How to gracefully disconnect a client?
ye4241 opened this issue · 3 comments
As in #50 and #39 , is there any graceful solution to disconnect client as OpenAI does. It will not show response error in postman. However with current library, it will display "Error: read ECONNRESET".
Lib.AspNetCore.ServerSentEvents
Sample code:
public override async Task OnConnectAsync(HttpRequest request, IServerSentEventsClient client)
{
await base.OnConnectAsync(request, client);
await client.SendEventAsync("hello");
await client.SendEventAsync("[DONE]");
await Task.Delay(500);
client.Disconnect();
}
I have tried to get _response call the CompleteAsync method, client will disconnect gracefully.
public override async Task OnConnectAsync(HttpRequest request, IServerSentEventsClient client)
{
await base.OnConnectAsync(request, client);
// ... some sends
var response = (HttpResponse)client.GetType().GetField("_response", BindingFlags.NonPublic | BindingFlags.Instance)?.GetValue(client);
await response.Body.FlushAsync();
await response.CompleteAsync();
}
Hi @ye4241,
The truth is that CompleteAsync
wasn't always there and the current implementation is based on HttpContext.Abort
for simplicity. Once it become available I wasn't actively chasing adopting because it leads to a breaking change and they way the connection ends doesn't have impact on browser scenarios (as browser, in line with the spec, will attempt to reconnect anyway which is what #39 aimed at solving).

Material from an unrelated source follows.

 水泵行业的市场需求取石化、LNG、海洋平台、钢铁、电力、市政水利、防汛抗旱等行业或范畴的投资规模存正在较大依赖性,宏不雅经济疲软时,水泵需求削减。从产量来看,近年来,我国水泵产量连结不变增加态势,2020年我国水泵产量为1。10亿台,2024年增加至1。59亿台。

That said, I recognize that non-browser adoption of SSE is growing and the approach to follow up any server-side disconnect with a reconnect is not always followed. This makes the aspect of graceful shutdown of network connection more important, so I guess it's time to bite the bullet.

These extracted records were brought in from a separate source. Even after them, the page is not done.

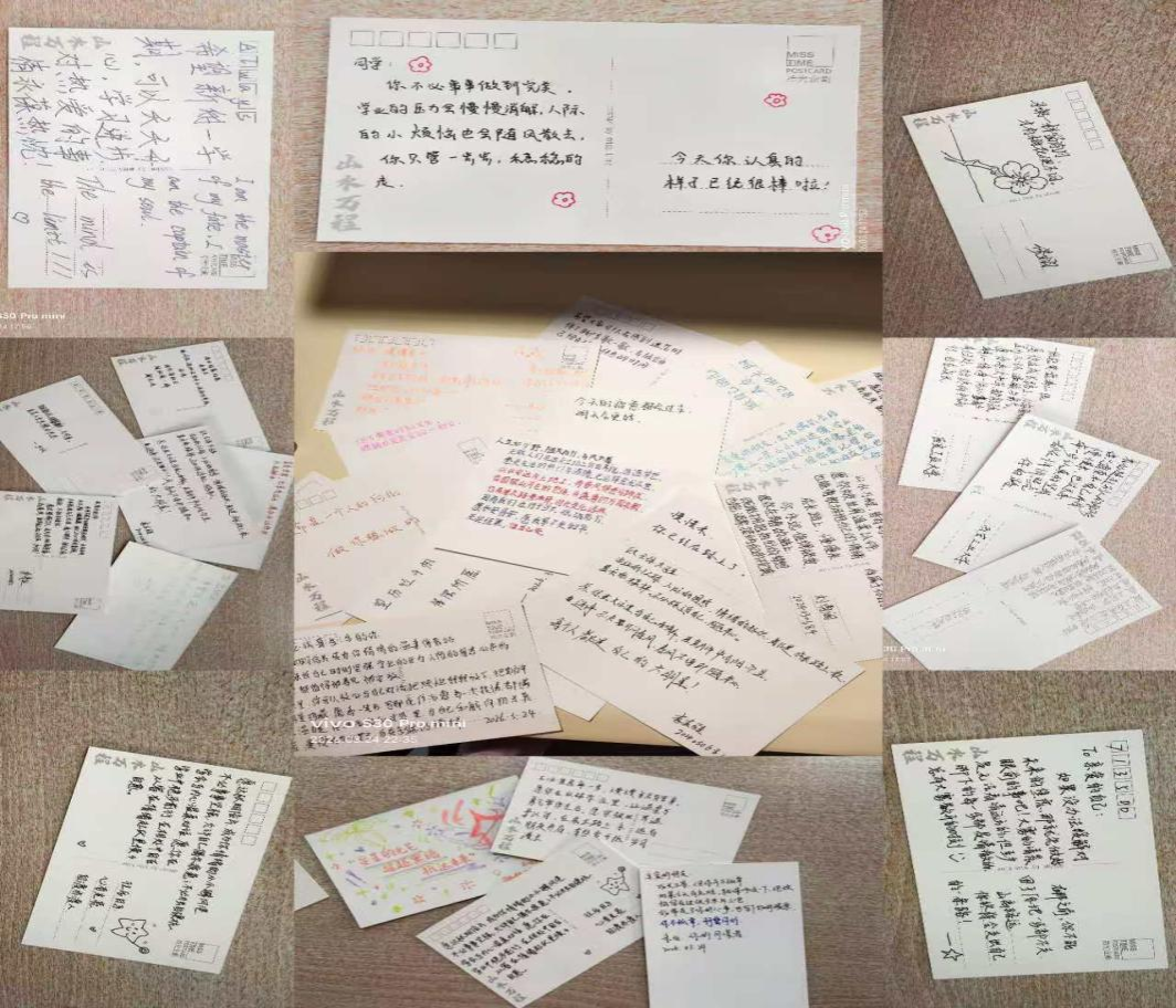 一张张明信片,成为了同学们的“心灵留言册”:有的写下对同窗好友的暖心寄语,愿彼此并肩同行、共克难题;有的记录自我鼓励的话语,接纳不完美的自己,坚定成长的脚步;还有的分享情绪调节的小感悟,以自身经验为同伴送上心理疏导的小妙招。简单的文字里,藏着最真挚的关怀,方寸卡片间,凝聚着朋辈同行的温暖力量。
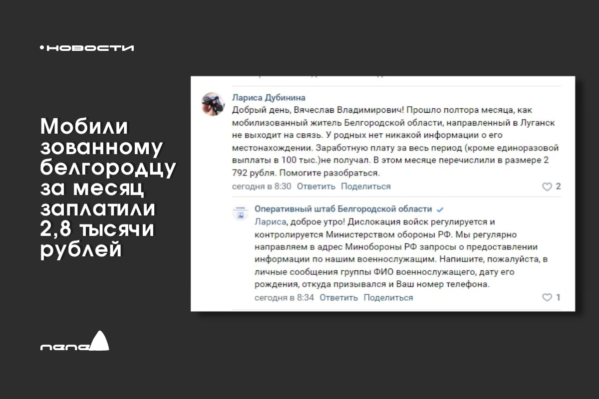 В ней они пишут, что уже очень долго не могут выйти на связь со своими родными и не знают, что с ними произошло, описывая в том числе, что им приходилось пить из луж. А на горячей линии, где должны помогать родственникам мобилизованных, у них берут данные и не перезванивают.
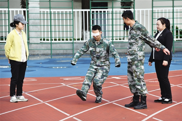 在陆军军医大学操场上,杜富国在家人和战友的陪伴下进行下肢力量康复训练。
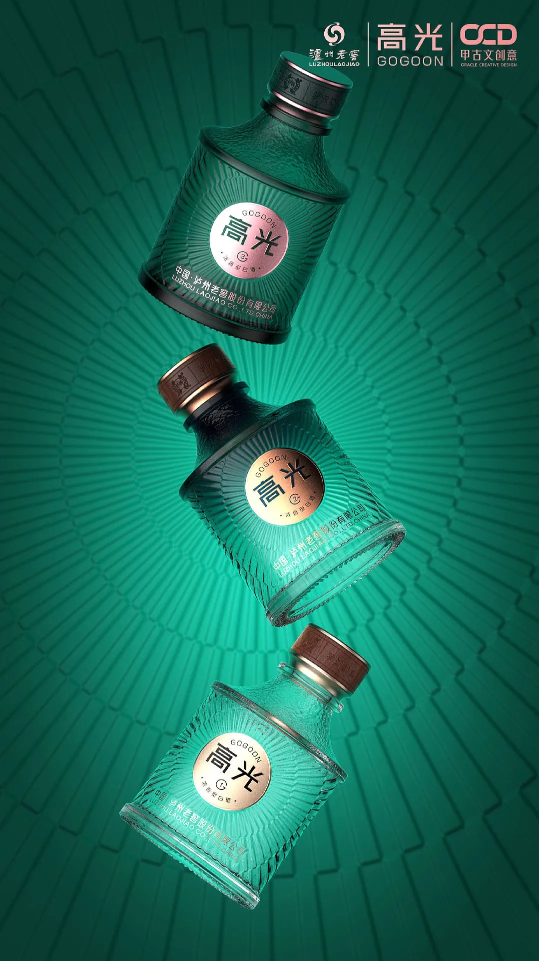 瓶标LOGO设计为圆形,主品名“高光”字体设计则拥有现代风格的切角,整体简约时尚。副品名 G1/G2/G3 区分由低到高不同价位,易于识别记忆。

I see your pull request, thank you for the head start. I might be able to take it further later today and if not I'll do it after Christmas.
@tpeczek
Indeed, the current implementation is too simple, and there are occasional cases of forced disconnection or inability to reconnect. At present, it is still a broadly usable solution.

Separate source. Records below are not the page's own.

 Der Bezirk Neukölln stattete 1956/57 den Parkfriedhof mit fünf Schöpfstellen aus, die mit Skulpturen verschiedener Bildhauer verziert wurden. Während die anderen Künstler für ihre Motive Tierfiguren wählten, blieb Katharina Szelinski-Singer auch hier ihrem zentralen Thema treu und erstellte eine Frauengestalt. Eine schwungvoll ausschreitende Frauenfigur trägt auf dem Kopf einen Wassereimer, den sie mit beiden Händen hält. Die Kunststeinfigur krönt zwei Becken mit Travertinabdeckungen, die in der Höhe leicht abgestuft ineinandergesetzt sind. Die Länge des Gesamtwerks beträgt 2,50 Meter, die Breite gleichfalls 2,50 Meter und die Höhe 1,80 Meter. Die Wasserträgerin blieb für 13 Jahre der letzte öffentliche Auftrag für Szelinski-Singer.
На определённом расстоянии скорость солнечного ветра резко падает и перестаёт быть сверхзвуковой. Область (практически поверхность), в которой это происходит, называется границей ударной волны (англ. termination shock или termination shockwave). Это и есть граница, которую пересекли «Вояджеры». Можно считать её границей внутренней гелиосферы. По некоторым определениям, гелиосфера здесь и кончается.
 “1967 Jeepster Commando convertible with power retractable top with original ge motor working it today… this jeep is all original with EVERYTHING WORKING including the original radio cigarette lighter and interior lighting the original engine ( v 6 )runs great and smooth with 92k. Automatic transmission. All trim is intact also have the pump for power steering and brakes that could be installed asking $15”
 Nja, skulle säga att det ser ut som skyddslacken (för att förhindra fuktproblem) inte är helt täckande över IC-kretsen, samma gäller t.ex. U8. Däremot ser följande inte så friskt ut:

I'm still looking forward to a more comprehensive solution in the end.
One side comment to your sample code @ye4241. You are disconnecting as part of OnConnectAsync
which is not a supported scenario. The OnConnectAsync
(or IServerSentEventsService.ClientConnected
) happens as part of the handshake, not after it's completed. By attempting to disconnect at this stage, you are essentially triggering a race condition which may result in failed cleanup and side effects.
I will probably minimise this as part of the current disconnect modifications, but without guarantee of making such scenario a supported one.